I understand the theorem and the proof, its elegant and simple. However, I am having troubles to understand the motivation of the theorem, I simply can't see where it comes from or how one gets the idea to formulate the theorem. Can anyone help me with these details?

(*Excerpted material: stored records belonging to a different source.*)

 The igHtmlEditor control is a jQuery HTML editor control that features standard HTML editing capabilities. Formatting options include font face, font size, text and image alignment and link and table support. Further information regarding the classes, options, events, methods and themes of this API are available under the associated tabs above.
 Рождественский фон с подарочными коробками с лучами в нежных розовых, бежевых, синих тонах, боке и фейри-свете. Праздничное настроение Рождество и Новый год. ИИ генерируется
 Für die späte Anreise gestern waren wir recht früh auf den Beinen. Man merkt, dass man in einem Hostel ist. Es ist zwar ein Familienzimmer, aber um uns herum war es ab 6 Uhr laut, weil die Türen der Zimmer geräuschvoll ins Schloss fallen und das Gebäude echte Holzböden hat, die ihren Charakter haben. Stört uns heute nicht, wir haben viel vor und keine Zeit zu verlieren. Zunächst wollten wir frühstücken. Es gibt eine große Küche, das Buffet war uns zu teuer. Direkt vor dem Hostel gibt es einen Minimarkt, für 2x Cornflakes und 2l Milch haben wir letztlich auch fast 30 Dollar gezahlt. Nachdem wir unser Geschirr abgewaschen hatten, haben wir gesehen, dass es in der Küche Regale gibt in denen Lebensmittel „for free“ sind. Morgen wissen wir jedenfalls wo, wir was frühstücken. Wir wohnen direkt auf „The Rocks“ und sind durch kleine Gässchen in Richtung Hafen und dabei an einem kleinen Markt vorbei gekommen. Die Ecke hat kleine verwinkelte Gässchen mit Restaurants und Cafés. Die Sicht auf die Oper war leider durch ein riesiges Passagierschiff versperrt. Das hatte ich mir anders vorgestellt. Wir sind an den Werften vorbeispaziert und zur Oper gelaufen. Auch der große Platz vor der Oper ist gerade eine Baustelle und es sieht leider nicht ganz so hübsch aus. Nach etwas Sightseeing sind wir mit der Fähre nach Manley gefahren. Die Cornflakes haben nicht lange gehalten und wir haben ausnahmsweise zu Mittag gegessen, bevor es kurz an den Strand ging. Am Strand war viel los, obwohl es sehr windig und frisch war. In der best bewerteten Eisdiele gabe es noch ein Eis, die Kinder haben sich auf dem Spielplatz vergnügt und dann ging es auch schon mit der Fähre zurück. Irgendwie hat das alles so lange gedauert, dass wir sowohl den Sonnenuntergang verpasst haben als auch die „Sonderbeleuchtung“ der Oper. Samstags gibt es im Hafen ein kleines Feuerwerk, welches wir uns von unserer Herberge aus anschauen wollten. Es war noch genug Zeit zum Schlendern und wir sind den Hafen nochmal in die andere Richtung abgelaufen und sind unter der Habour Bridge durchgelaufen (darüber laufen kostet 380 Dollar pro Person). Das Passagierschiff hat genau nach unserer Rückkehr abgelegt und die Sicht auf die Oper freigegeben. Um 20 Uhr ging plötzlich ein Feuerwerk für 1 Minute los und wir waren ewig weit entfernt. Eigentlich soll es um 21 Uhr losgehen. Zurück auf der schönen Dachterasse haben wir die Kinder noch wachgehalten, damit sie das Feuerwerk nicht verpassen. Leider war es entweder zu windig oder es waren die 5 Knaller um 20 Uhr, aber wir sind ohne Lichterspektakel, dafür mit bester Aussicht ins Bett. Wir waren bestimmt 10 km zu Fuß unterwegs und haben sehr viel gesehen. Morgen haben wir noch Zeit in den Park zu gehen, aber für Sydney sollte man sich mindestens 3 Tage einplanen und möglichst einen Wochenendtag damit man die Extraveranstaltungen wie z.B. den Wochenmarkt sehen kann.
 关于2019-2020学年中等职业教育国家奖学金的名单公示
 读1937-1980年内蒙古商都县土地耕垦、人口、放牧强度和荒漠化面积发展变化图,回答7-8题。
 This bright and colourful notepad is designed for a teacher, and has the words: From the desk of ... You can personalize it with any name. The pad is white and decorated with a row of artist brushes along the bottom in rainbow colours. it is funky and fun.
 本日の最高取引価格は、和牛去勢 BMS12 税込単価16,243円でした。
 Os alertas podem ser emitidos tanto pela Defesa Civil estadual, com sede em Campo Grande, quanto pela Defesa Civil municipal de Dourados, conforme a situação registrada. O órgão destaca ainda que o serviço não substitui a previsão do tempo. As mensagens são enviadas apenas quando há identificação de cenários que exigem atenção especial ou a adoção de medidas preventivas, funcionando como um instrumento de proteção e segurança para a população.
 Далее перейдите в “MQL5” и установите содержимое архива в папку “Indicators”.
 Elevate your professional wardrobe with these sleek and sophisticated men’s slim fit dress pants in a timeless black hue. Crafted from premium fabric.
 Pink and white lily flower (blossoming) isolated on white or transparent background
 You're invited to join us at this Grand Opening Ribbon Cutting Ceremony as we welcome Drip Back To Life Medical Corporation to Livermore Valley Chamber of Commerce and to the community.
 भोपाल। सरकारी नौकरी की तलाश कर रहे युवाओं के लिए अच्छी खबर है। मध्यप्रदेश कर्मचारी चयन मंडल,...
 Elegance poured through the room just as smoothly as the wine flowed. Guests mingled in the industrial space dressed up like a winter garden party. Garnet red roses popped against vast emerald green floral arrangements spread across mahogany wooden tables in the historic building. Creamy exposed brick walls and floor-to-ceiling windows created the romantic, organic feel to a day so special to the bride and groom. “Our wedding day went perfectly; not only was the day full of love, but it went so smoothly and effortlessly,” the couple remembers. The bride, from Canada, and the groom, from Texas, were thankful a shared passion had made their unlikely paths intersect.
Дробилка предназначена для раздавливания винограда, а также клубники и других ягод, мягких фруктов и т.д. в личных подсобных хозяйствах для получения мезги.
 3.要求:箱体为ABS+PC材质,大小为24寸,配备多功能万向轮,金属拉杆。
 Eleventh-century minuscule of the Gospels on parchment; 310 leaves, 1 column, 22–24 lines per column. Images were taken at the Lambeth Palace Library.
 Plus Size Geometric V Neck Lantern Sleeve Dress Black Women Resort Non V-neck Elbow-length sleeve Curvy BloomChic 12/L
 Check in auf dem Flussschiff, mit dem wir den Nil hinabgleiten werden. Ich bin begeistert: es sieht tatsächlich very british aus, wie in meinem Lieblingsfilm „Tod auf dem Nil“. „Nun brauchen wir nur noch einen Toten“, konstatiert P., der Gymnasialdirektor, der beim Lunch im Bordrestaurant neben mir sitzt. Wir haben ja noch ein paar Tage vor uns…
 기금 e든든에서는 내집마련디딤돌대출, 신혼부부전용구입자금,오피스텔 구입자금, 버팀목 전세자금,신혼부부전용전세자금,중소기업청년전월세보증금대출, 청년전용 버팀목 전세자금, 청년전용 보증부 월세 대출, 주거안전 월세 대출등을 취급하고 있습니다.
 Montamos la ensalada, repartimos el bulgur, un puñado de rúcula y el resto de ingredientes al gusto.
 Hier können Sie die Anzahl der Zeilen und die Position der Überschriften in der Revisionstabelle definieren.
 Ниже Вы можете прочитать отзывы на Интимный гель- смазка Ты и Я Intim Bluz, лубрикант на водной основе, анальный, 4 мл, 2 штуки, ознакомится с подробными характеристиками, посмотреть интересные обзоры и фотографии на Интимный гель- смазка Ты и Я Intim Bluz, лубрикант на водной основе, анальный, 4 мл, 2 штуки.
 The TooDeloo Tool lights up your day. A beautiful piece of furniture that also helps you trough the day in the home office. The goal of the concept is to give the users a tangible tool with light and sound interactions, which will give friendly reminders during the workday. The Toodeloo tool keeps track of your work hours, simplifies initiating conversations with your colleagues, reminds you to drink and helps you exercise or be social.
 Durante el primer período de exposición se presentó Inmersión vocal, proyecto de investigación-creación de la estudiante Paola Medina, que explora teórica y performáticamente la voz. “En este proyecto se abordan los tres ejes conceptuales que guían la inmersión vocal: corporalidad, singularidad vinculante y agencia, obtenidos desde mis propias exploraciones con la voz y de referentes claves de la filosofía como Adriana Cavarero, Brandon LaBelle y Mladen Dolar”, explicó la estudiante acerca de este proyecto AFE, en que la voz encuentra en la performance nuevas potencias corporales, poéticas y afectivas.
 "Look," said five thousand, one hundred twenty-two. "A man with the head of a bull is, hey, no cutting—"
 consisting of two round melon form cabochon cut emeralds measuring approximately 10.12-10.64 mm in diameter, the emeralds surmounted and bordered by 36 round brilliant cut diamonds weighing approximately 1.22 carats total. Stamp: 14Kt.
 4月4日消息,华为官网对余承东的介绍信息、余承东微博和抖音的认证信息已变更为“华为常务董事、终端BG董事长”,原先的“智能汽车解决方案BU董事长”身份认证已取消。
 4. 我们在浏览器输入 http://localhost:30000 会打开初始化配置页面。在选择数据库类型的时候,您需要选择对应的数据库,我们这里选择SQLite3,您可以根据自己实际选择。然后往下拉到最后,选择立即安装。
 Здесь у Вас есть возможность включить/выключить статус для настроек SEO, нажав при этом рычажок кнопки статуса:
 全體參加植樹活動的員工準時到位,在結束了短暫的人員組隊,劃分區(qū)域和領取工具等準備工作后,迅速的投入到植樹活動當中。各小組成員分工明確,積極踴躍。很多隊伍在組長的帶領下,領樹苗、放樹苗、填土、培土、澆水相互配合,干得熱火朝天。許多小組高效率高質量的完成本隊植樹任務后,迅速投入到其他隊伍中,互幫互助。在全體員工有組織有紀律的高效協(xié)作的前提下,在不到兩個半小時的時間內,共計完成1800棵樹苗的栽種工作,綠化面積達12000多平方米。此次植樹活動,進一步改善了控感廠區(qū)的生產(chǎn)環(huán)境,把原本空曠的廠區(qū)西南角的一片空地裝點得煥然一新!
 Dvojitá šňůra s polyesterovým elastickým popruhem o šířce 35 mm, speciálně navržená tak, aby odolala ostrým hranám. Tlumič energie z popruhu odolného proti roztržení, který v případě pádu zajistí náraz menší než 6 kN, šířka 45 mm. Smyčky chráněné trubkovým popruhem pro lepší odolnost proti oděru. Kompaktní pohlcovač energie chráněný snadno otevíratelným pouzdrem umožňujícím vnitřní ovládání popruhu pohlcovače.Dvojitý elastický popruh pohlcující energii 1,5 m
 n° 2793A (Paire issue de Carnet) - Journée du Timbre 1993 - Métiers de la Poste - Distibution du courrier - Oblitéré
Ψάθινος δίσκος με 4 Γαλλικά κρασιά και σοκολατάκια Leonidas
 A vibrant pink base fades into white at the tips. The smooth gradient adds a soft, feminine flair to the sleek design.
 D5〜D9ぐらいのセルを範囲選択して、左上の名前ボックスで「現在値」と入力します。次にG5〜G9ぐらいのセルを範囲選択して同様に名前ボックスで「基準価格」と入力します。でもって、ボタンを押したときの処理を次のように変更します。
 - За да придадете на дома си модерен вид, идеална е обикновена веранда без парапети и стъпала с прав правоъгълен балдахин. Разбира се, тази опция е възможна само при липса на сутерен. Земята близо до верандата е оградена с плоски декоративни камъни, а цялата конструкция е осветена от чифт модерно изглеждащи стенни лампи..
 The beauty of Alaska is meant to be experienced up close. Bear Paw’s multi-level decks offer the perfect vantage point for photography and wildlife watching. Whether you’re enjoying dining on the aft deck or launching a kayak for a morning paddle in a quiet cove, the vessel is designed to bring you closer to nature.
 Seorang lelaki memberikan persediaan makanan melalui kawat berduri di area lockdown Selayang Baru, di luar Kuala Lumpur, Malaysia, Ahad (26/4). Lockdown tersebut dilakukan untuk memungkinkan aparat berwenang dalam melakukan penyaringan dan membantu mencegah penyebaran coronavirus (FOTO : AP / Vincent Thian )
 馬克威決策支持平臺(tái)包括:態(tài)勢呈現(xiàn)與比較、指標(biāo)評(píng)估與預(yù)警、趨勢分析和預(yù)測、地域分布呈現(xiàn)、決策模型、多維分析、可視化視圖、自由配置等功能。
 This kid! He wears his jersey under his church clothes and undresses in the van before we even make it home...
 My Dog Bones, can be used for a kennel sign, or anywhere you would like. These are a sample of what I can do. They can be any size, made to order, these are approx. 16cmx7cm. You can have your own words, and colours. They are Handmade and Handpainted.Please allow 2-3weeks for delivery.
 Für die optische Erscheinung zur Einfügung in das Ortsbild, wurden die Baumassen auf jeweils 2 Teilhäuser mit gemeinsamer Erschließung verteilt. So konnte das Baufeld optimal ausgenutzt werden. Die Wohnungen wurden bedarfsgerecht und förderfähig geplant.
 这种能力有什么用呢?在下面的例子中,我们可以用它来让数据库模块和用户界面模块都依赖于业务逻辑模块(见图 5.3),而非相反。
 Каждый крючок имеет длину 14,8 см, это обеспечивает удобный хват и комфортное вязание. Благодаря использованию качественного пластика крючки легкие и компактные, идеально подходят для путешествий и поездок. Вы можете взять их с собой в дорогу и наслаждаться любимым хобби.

Here’s an informal discussion based on $p$-adic theory. Consider the Newton polygon of the polynomial $f$ in question. It has a vertex at $(0,1)$ for the constant term, and at $(n,0)$ for the highest term. So there’s a single segment, of slope $-1/n$. In any factorization $f=gh$, the factor $g$, say of degree $d$ with $0<d<n$, will have some of the roots of $f$, so all of valuation $1/n$, but what will the vertices of $g$ be? They’d be at $(d,0)$ and $(0,d/n)$, but $d/n$ isn’t an integer, impossible.